ACTIVITY:
What is needed is the exact text of each line in the listing below from the one with "Каталог запасных частей" up to and including the one with "9月14日下午,校党委委员、", and no pictures.

SOURCE MATERIAL:
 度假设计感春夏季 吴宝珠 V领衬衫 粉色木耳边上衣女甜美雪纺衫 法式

---

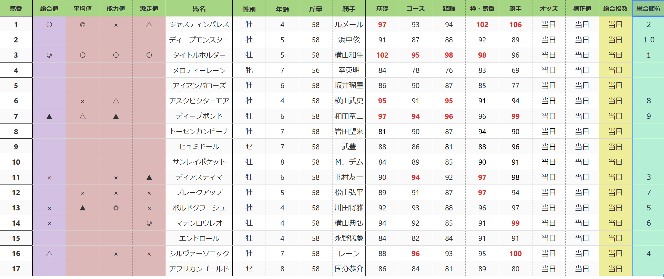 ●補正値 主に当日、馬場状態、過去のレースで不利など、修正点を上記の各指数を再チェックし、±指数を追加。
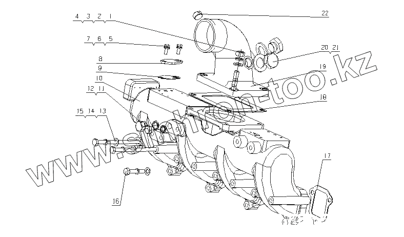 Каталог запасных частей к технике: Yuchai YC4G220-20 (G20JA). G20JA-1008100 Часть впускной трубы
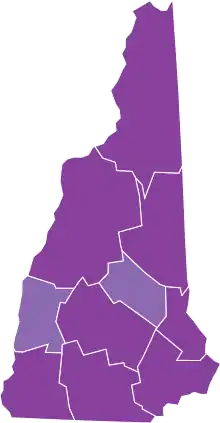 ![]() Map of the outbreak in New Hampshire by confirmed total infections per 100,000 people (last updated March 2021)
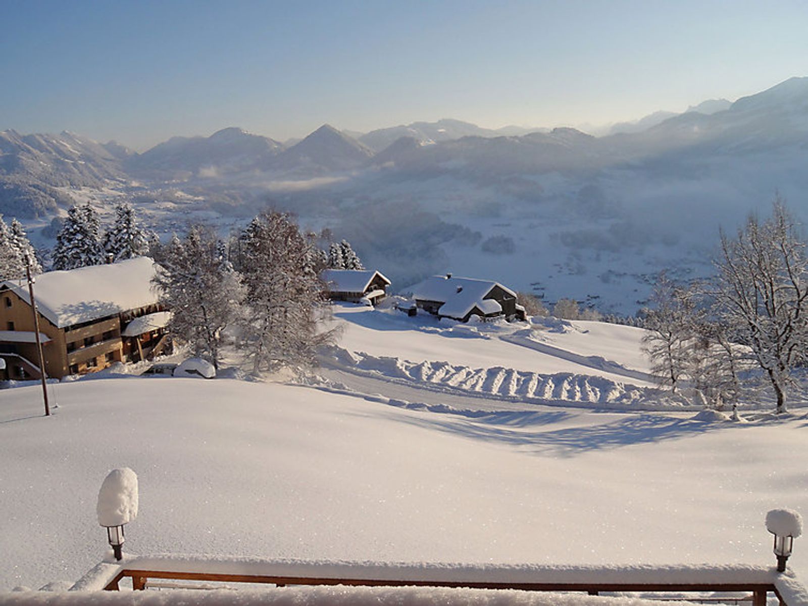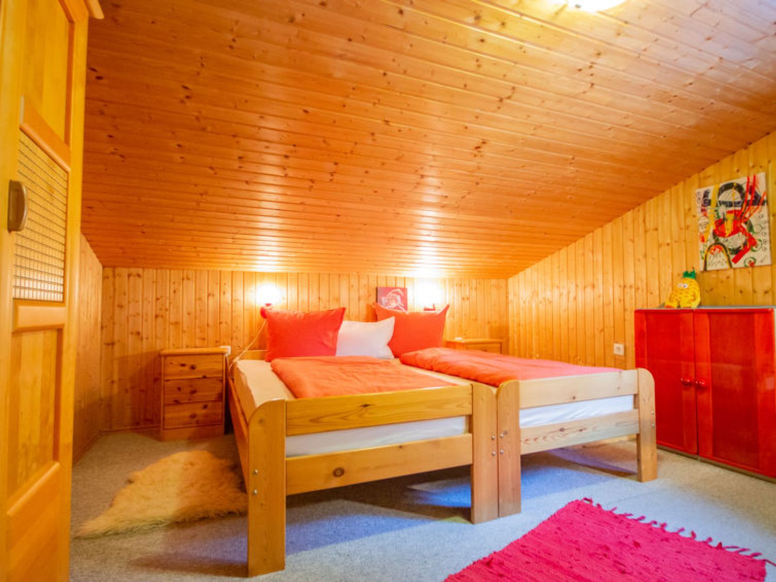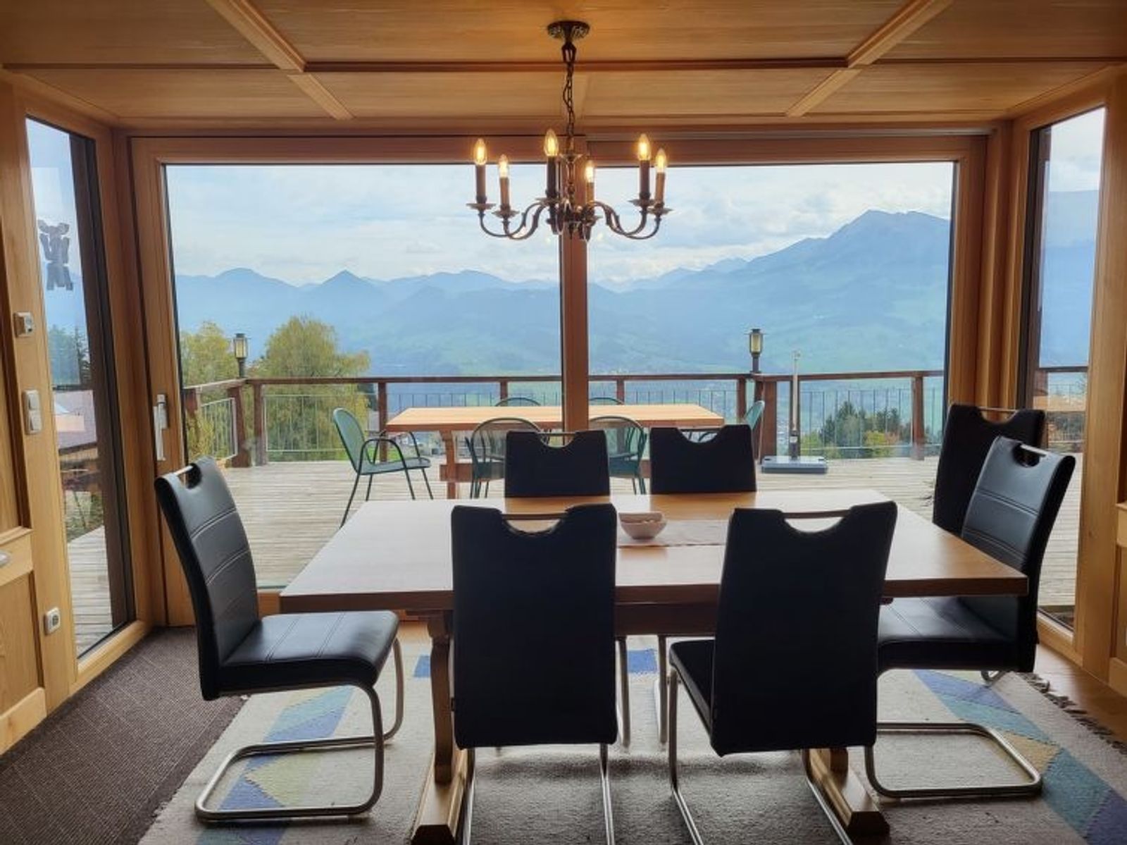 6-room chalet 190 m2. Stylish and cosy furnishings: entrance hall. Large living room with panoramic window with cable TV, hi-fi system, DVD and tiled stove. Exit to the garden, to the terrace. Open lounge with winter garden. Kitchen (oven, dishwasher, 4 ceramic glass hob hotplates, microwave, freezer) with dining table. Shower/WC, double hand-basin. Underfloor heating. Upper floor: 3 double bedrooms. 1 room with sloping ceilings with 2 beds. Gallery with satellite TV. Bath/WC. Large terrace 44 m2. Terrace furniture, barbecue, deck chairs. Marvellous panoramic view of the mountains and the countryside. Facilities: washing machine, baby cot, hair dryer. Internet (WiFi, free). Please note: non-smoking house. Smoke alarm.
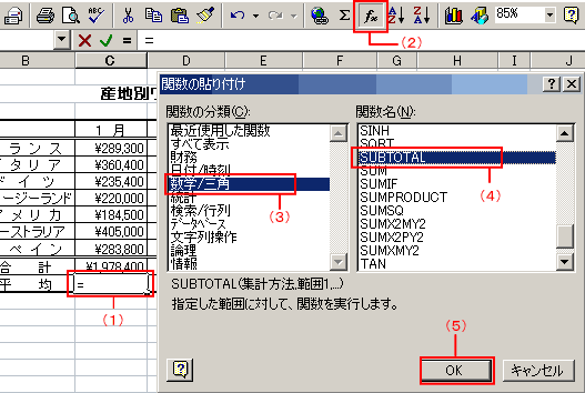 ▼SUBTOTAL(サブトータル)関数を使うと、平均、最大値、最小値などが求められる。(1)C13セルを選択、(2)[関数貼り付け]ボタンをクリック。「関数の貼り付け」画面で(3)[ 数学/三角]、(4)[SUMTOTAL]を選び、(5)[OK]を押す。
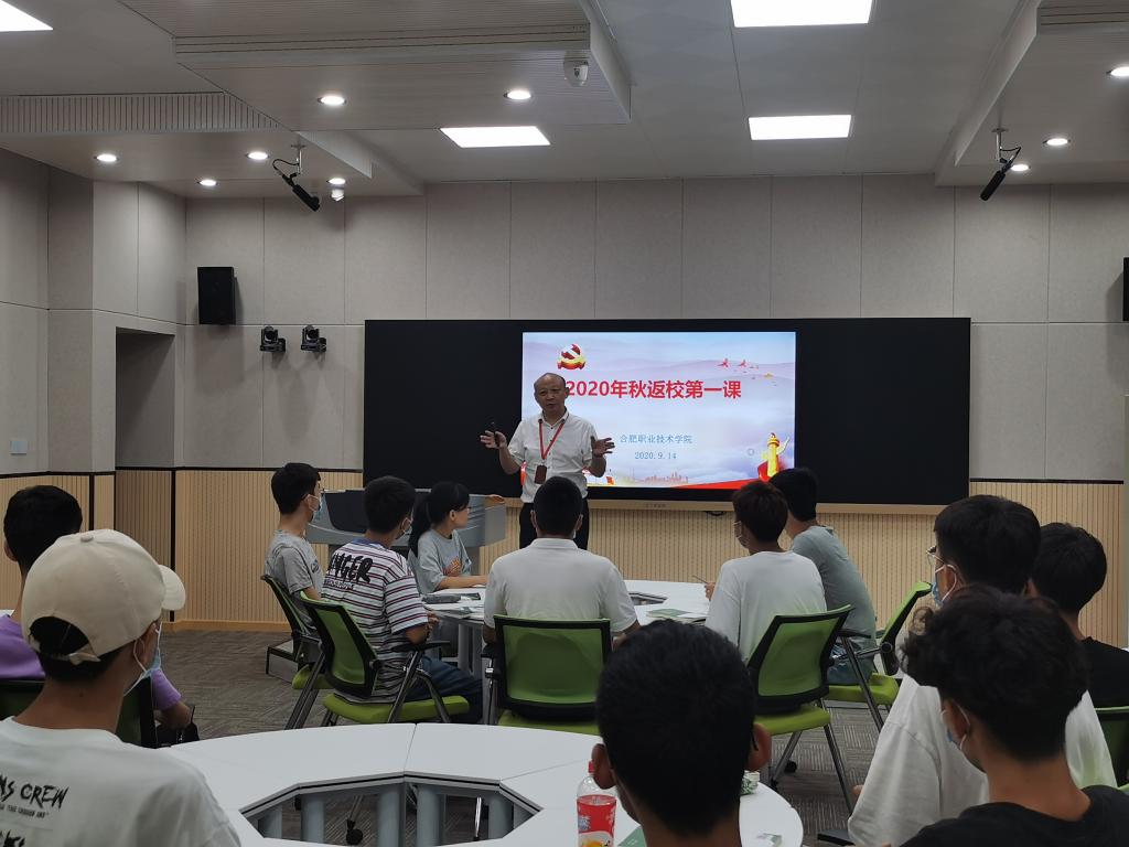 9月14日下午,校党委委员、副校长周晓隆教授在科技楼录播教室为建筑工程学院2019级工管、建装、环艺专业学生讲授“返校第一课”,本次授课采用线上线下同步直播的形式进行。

FINAL ANSWER:
 Каталог запасных частей к технике: Yuchai YC4G220-20 (G20JA). G20JA-1008100 Часть впускной трубы
 ![]() Map of the outbreak in New Hampshire by confirmed total infections per 100,000 people (last updated March 2021)
 6-room chalet 190 m2. Stylish and cosy furnishings: entrance hall. Large living room with panoramic window with cable TV, hi-fi system, DVD and tiled stove. Exit to the garden, to the terrace. Open lounge with winter garden. Kitchen (oven, dishwasher, 4 ceramic glass hob hotplates, microwave, freezer) with dining table. Shower/WC, double hand-basin. Underfloor heating. Upper floor: 3 double bedrooms. 1 room with sloping ceilings with 2 beds. Gallery with satellite TV. Bath/WC. Large terrace 44 m2. Terrace furniture, barbecue, deck chairs. Marvellous panoramic view of the mountains and the countryside. Facilities: washing machine, baby cot, hair dryer. Internet (WiFi, free). Please note: non-smoking house. Smoke alarm.
 ▼SUBTOTAL(サブトータル)関数を使うと、平均、最大値、最小値などが求められる。(1)C13セルを選択、(2)[関数貼り付け]ボタンをクリック。「関数の貼り付け」画面で(3)[ 数学/三角]、(4)[SUMTOTAL]を選び、(5)[OK]を押す。
 9月14日下午,校党委委员、副校长周晓隆教授在科技楼录播教室为建筑工程学院2019级工管、建装、环艺专业学生讲授“返校第一课”,本次授课采用线上线下同步直播的形式进行。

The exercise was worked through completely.